======== Working data

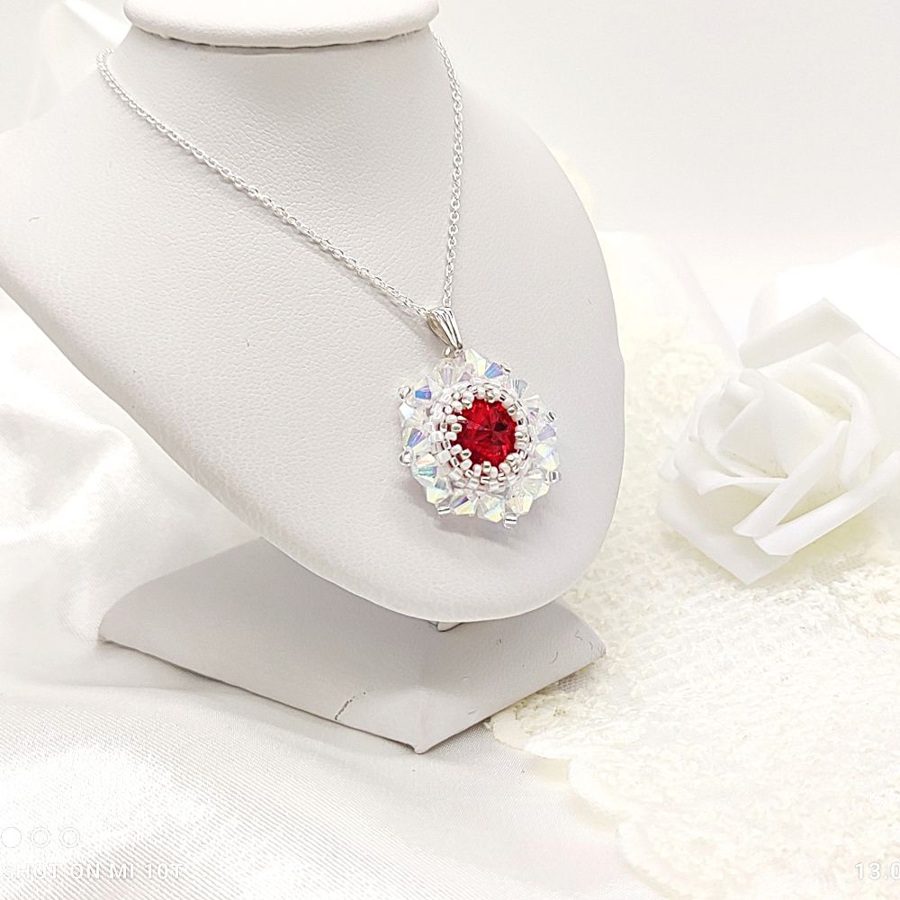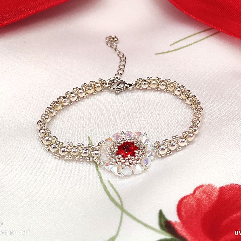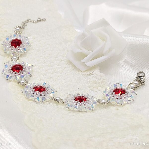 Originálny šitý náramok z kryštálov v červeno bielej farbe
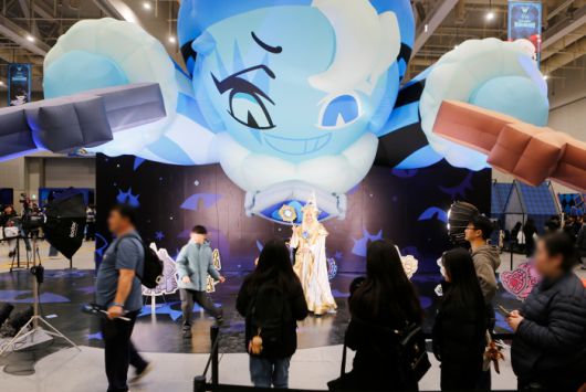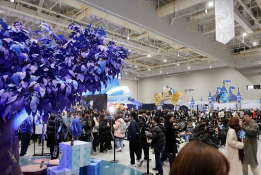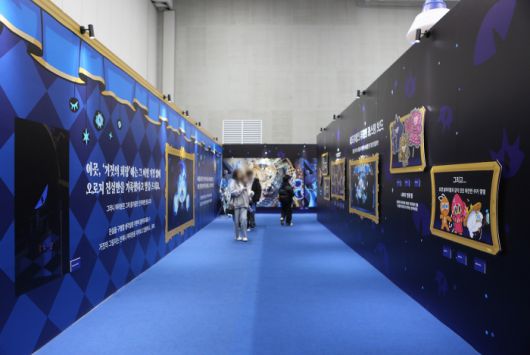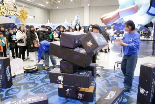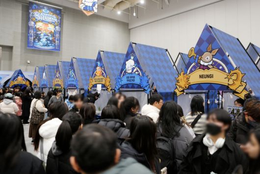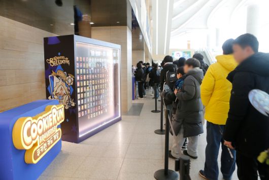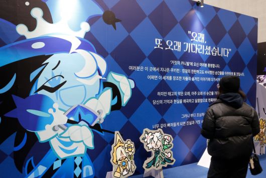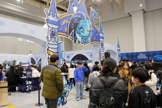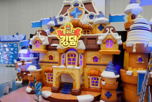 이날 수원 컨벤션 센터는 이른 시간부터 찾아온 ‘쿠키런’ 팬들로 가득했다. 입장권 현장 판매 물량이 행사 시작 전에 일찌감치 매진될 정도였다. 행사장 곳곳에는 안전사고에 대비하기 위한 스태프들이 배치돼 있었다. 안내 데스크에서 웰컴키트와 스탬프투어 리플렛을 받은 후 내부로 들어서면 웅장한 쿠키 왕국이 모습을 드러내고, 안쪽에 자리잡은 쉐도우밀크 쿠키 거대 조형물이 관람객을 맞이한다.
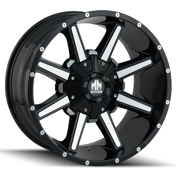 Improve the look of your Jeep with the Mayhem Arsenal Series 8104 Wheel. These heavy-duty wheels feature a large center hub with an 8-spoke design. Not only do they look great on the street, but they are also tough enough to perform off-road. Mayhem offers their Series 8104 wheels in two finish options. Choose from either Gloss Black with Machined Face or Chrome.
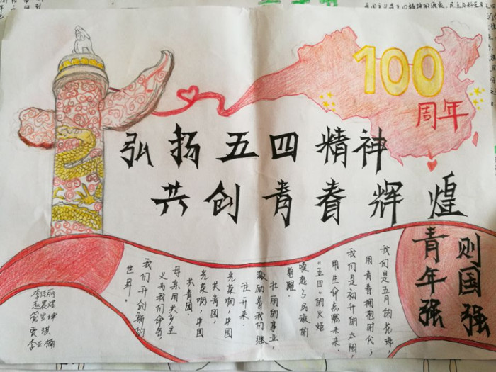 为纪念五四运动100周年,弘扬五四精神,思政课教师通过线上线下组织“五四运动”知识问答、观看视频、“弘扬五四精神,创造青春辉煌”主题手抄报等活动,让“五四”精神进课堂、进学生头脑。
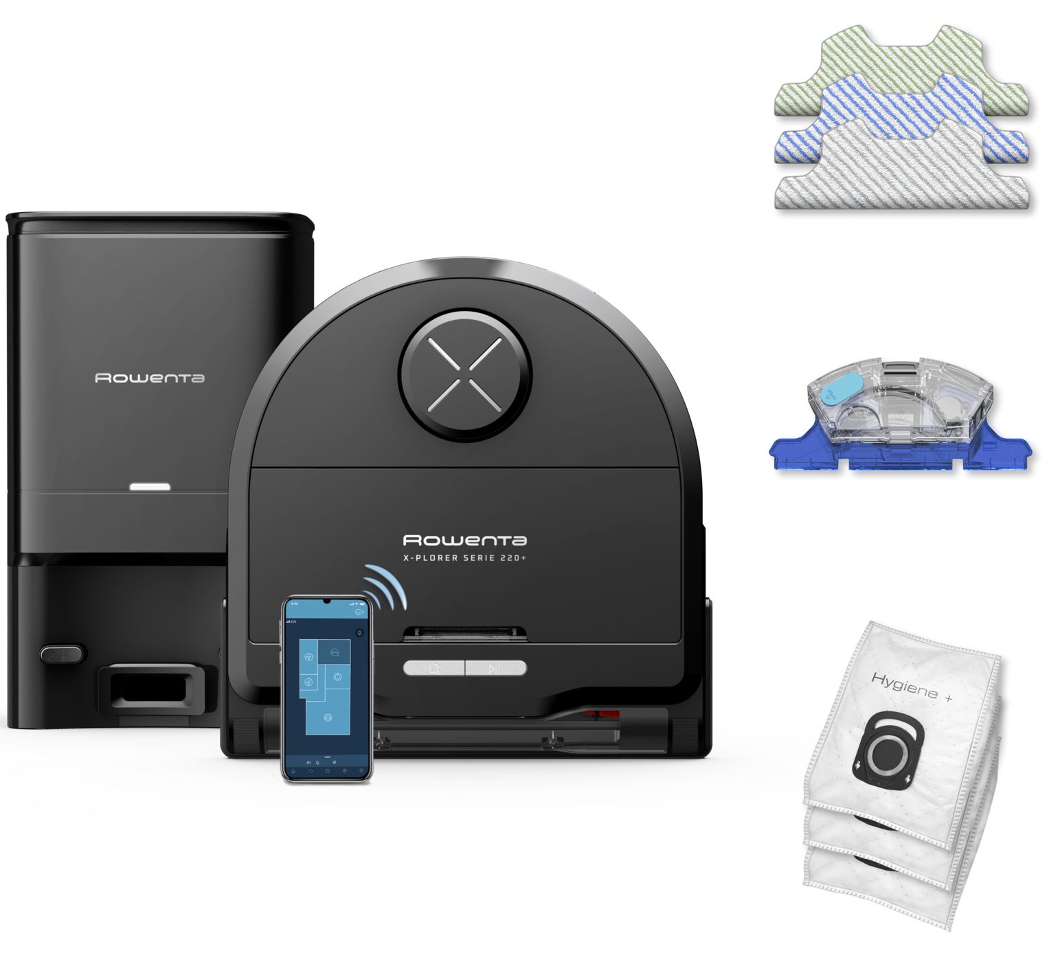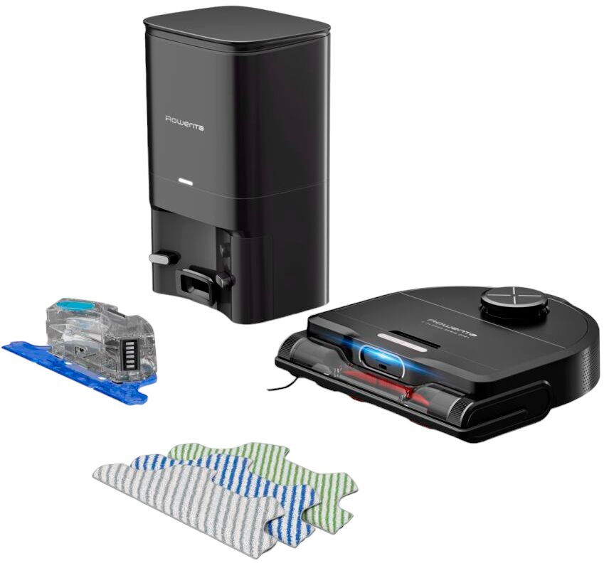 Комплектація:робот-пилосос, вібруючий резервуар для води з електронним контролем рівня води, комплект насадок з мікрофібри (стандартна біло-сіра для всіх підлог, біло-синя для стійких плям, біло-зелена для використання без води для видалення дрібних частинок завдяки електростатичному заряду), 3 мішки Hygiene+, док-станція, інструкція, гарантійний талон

================

=== Requirement ===
Copy each record exactly. Leave any images out of the copy.

=== Expected answer ===
 Originálny šitý náramok z kryštálov v červeno bielej farbe
 이날 수원 컨벤션 센터는 이른 시간부터 찾아온 ‘쿠키런’ 팬들로 가득했다. 입장권 현장 판매 물량이 행사 시작 전에 일찌감치 매진될 정도였다. 행사장 곳곳에는 안전사고에 대비하기 위한 스태프들이 배치돼 있었다. 안내 데스크에서 웰컴키트와 스탬프투어 리플렛을 받은 후 내부로 들어서면 웅장한 쿠키 왕국이 모습을 드러내고, 안쪽에 자리잡은 쉐도우밀크 쿠키 거대 조형물이 관람객을 맞이한다.
 Improve the look of your Jeep with the Mayhem Arsenal Series 8104 Wheel. These heavy-duty wheels feature a large center hub with an 8-spoke design. Not only do they look great on the street, but they are also tough enough to perform off-road. Mayhem offers their Series 8104 wheels in two finish options. Choose from either Gloss Black with Machined Face or Chrome.
 为纪念五四运动100周年,弘扬五四精神,思政课教师通过线上线下组织“五四运动”知识问答、观看视频、“弘扬五四精神,创造青春辉煌”主题手抄报等活动,让“五四”精神进课堂、进学生头脑。
 Комплектація:робот-пилосос, вібруючий резервуар для води з електронним контролем рівня води, комплект насадок з мікрофібри (стандартна біло-сіра для всіх підлог, біло-синя для стійких плям, біло-зелена для використання без води для видалення дрібних частинок завдяки електростатичному заряду), 3 мішки Hygiene+, док-станція, інструкція, гарантійний талон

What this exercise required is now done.